Procedure TmyObject.SomeThingChanged(APropName : String);

begin
   FPONotifyObservers(Self,ooCustom,GetPropInfo(Self,APropName));
end;


But I think the additional Create/Free may be heavy. That is why I decided
on a data pointer, not an object. It allows to use records as well as
objects.

The last scenario was for property change notifications:

Procedure TmyObject.SomeThingChanged(Const APropName : String);

begin
   FPONotifyObservers(Self,ooCustom,GetPropInfo(Self,APropName));
end;

This could be called from a property setter.
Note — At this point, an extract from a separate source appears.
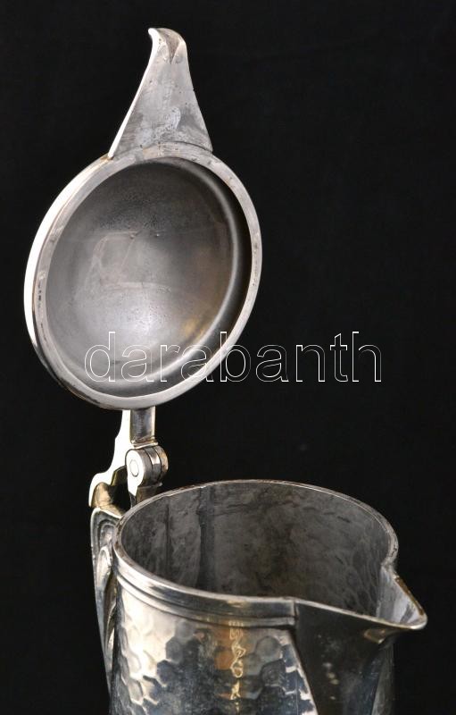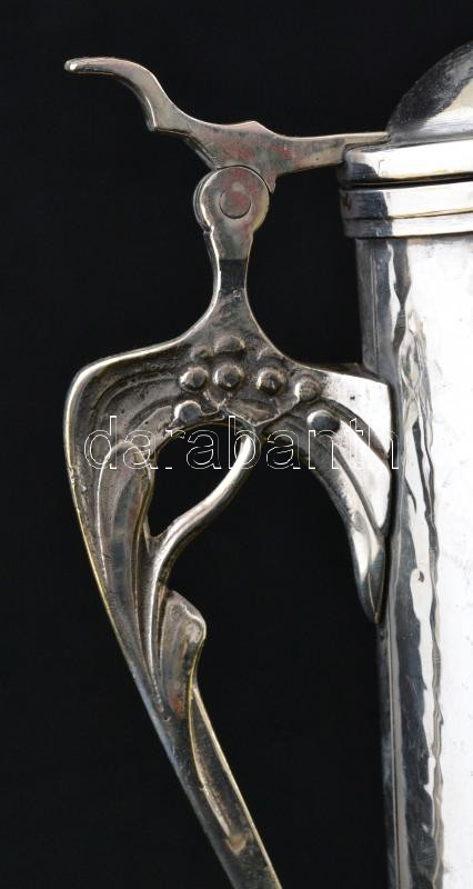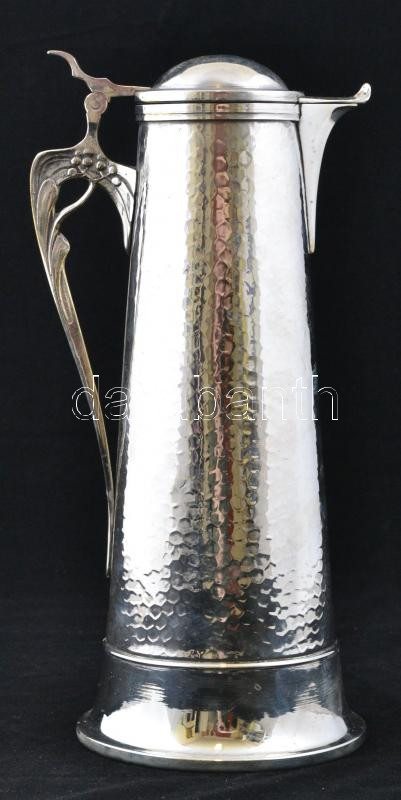 Szecessziós stílusú fém karaffa, jelzett (H), m:32 cm

There are many ways to implement an observer pattern. It is always a balance
between lightweight and extensibility. I believe the implemented mechanism
is both: it does not require additional objects (and thus heap operations)
but does allow using them.

> BTW:
> The names of the TFPObservedOperation are not consistent:
> ooChanged is in preterit while others not
>
> ooChanged does not has Item suffix

It does not need one. The sender has changed, not an item in a list.
The 'Item'-s are  for when sender is a list, and an item is added to the list.
(TList, TStringList, TCollection)

That's a matter of documentation.

Michael.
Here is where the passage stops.